Record extracts:
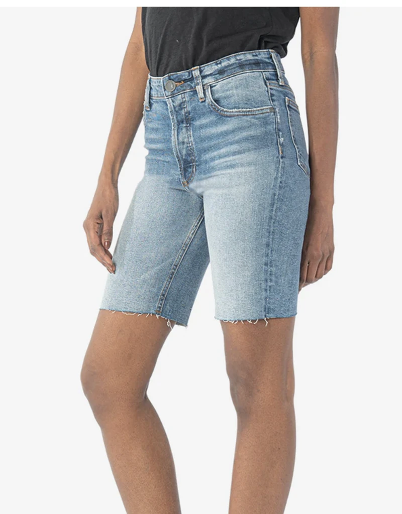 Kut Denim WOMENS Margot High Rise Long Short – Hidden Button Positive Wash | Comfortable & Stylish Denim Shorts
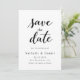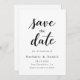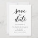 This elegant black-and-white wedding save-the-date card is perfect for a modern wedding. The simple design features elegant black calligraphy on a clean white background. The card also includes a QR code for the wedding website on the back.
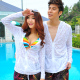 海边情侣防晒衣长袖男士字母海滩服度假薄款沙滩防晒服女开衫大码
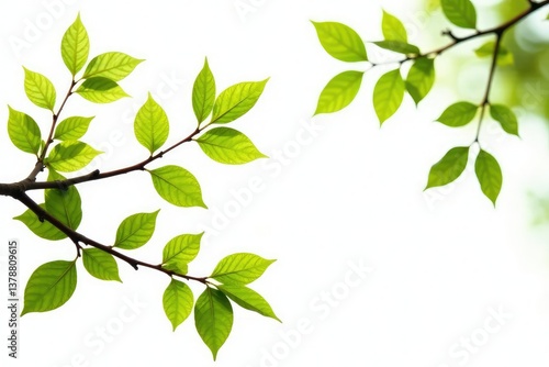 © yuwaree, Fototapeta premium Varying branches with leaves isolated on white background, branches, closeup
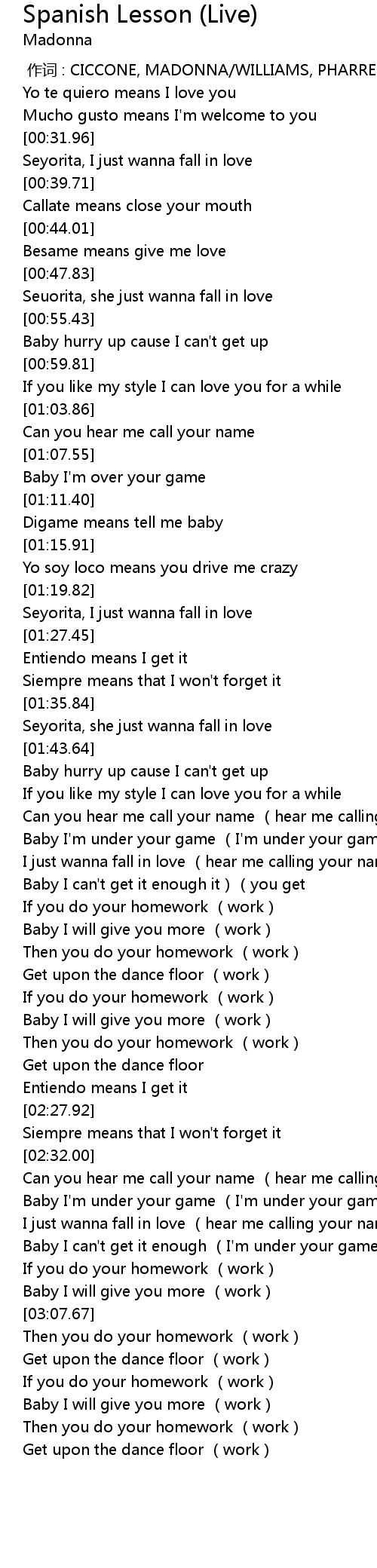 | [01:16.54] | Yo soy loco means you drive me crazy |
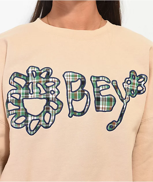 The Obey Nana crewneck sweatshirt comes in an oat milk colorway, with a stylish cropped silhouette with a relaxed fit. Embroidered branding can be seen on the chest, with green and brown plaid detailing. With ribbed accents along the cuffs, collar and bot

Task description: Output every entry verbatim. Pictures do not belong in the copy.

Answer to the exercise:
 Kut Denim WOMENS Margot High Rise Long Short – Hidden Button Positive Wash | Comfortable & Stylish Denim Shorts
 This elegant black-and-white wedding save-the-date card is perfect for a modern wedding. The simple design features elegant black calligraphy on a clean white background. The card also includes a QR code for the wedding website on the back.
 海边情侣防晒衣长袖男士字母海滩服度假薄款沙滩防晒服女开衫大码
 © yuwaree, Fototapeta premium Varying branches with leaves isolated on white background, branches, closeup
 | [01:16.54] | Yo soy loco means you drive me crazy |
 The Obey Nana crewneck sweatshirt comes in an oat milk colorway, with a stylish cropped silhouette with a relaxed fit. Embroidered branding can be seen on the chest, with green and brown plaid detailing. With ribbed accents along the cuffs, collar and bot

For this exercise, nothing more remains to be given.